Enter Room Number: 1130


*Required Date Input Format (mm/dd/yyyy)*

time_range_input = 'specific date' ~ able to enter specific date range

In [4]:
#time_range = "specificdate" #"today"#"last24hrs"#"yesterday"#"lastweek"#"last7days"#"lastmonth"#"lastyear"

#if time_range == "specificdate":
start_date = input("Enter Start Date: ")
end_date = input("Enter End Date: ")
#elif time_range == "today":
    



Enter Start Date: 04/01/2019
Enter End Date: 04/30/2019


*Frequency Examples ~ 'D': Daily, 'H': Hourly, '15min': Every 15 minutes (whatever #min desired)*

In [5]:
frequency = input("Enter frequency: ")

Enter frequency: 15min


# Collecting tables that meet sql search criteria

*Searches through database based on building name and measure type*

In [6]:
building_name = []
meastype = []
room_number = []

for name in buildings_input:
    for measure in meastype_input:
        for room in room_number_input:
            building_name = name
            meastype = measure
            room_number = room
            filtered_array = []
            read_sql = "SELECT * from Sys.Tables WHERE name like '%_" + meastype + "%' and name like '%_" + room_number_input + "%' and name like '%" + building_name + "%'"
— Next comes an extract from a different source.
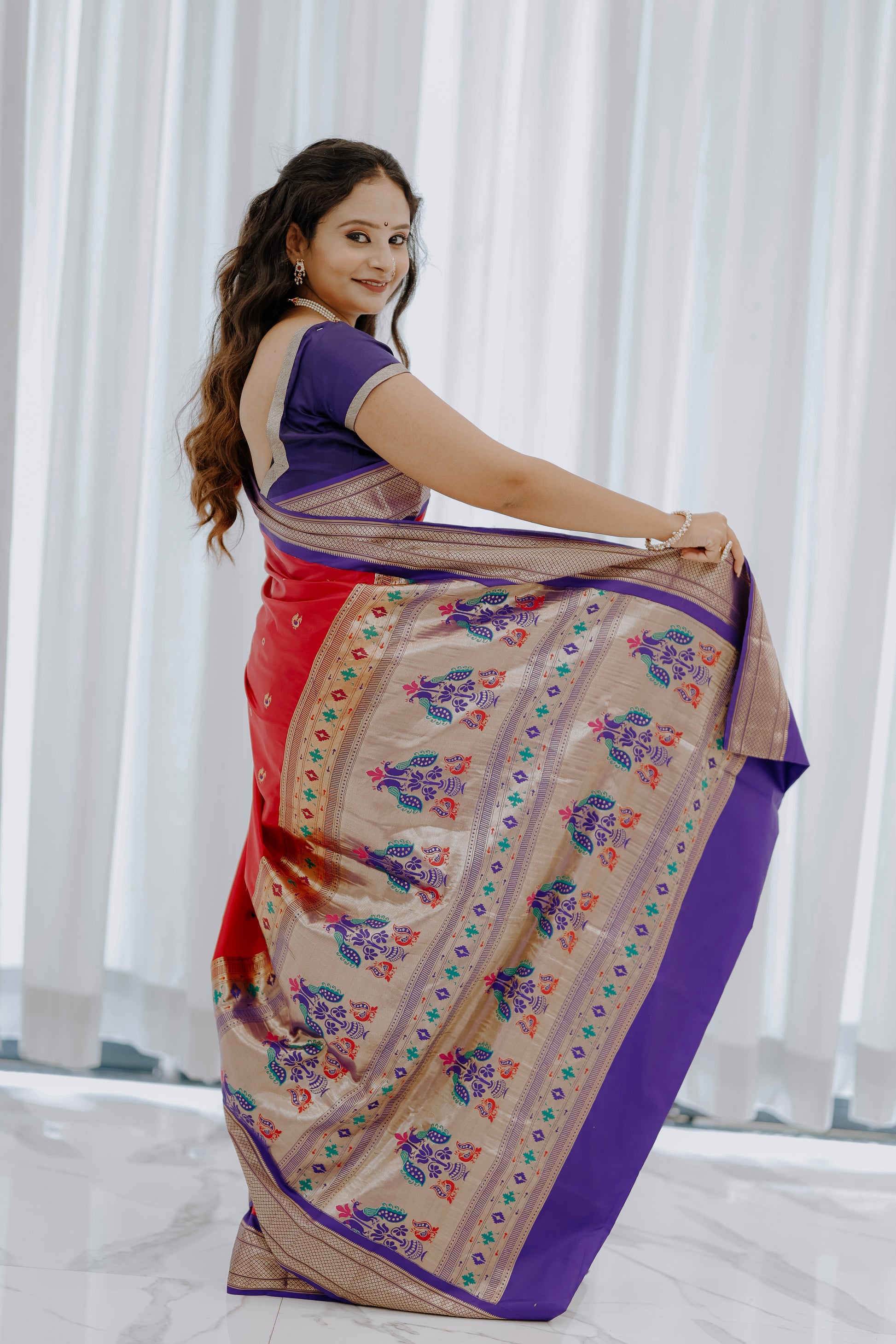 Experience the timeless elegance of the Paithani Silk Saree, renowned for its rich silk fabric and intricate handwoven designs. This saree showcases traditional craftsmanship with vibrant colors and exquisite motifs, making it a perfect choice for special occasions. Its luxurious texture ensures comfort while enhancing your graceful silhouette, reflecting a heritage of artistry and sophistication. Ideal for those who appreciate authentic Indian textiles and classic style.
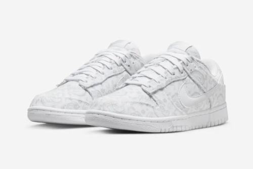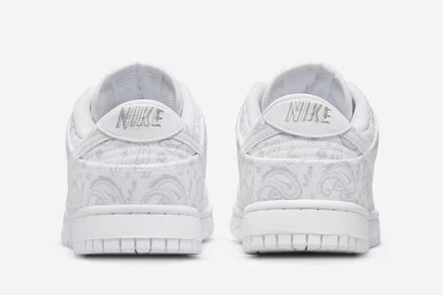 Born in 1985, the Dunk went viral with its unique preppy colorway, set off a fashion trend, and eventually swept the world as an enduring classic. The Dunk Low 'White Paisley' features a canvas upper with a white paisley pattern covering the entire upper for an alluring appeal, and modern shoemaking technology for a comfortable foot feel. On the Swoosh logo on both sides of the shoe body, the leather material is still used, and the simple white is very consistent with this theme. Afterwards, a light gray finish is added to the tongue embroidered logo and the NIKE position on the heel. Finally, the white midsole and outsole complete the overall design.

*Creates a dataframe with table names that meet criteria*

In [7]:
    with cursor.execute(read_sql):
        row = cursor.fetchone() #retrieves next row of query result set and returns single sequence
        while row:
            filtered_array.append({'table': row[0]})
            row = cursor.fetchone()
        
    #converting table into dataframe with table names of sql search that meets criteria
    filtered_dataframe = pd.DataFrame(filtered_array) 
    display(filtered_dataframe)
    
    buildings_input = str(buildings_input)
    meastype_input = str(meastype_input)

Unnamed: 0,table
0,UCDAVIS_GOURLEYCLINICALCNTR_01_RM_1130_LKW
1,UCDAVIS_GOURLEYCLINICALCNTR_01_RM_1130_PKW
2,UCDAVIS_GOURLEYCLINICALCNTR_01_RM_1130_TKW
3,UCDAVIS_GOURLEYCLINICALCNTR_01_RM_1130A_LKW
4,UCDAVIS_GOURLEYCLINICALCNTR_01_RM_1130A_PKW
5,UCDAVIS_GOURLEYCLINICALCNTR_01_RM_1130A_TKW
6,UCDAVIS_GOURLEYCLINICALCNTR_01_RM_1130B_LKW
7,UCDAVIS_GOURLEYCLINICALCNTR_01_RM_1130B_PKW
8,UCDAVIS_GOURLEYCLINICALCNTR_01_RM_1130B_TKW


*Searching specific date and frequency through filtered dataframe*

In [8]:
    timerange = pd.date_range(start = start_date, end = end_date, freq = frequency) #gotta change this
    final_dataframe = pd.DataFrame()

    neveroff = pd.DataFrame(columns=['Room', 'Average', 'Standard Div'])
    
    for column in filtered_dataframe['table']:
        building = []
        read_sql = "SELECT [TIMESTAMP],[VALUE] from [dbo].["+column+"] WHERE [TIMESTAMP] BETWEEN "  + "'" + start_date +"'" + " AND " + "'"+end_date+"'"
        with cursor.execute(read_sql):
            row = cursor.fetchone()
            while row:
                building.append({'date':row[0], column:row[1]})
                row = cursor.fetchone()
        building = pd.DataFrame(building)
        try: #when table column is empty
            building = building.set_index('date') #sets date column as index
            #filter to minute resolution
            building.index = building.index.map(lambda x: x.replace(second=0)) 
            building.index = building.index.map(lambda x: x.replace(microsecond=0))
            #filtering in case of duplicates
            building = building[~building.index.duplicated(keep='first')]
            
            #occupancy sensor query
            if meastype == 'OCCUPANCY':
                building = building.reindex(timerange)
            else:
                building = building.resample(frequency).backfill()
                
                
            final_dataframe = pd.concat([building, final_dataframe], axis=1)
            #print(column)
            
            #neveroff calculation
            averagevalue = building.mean(). iloc[0]
            maxvalue = building.max(). iloc[0]
            stdiv = np.std([averagevalue, maxvalue])
            if (averagevalue != 0) and (stdiv < .01):
                neveroff = neveroff.append({'Room':column, 'Average':averagevalue,'Standard Div':stdiv},ignore_index=True)
        except:
            pass
display(neveroff)

Unnamed: 0,Room,Average,Standard Div


*Turns Boolean into '1' for on and '0' for off*

In [9]:
    final_dataframe *=1

*Outputs to CSV file*

In [10]:
    final_dataframe.columns = sorted(final_dataframe.columns, key=lambda item: (int(item.partition(' ')[0]) if item[0].isdigit() else float('inf'), item))
    start_date = start_date.replace('/', '_')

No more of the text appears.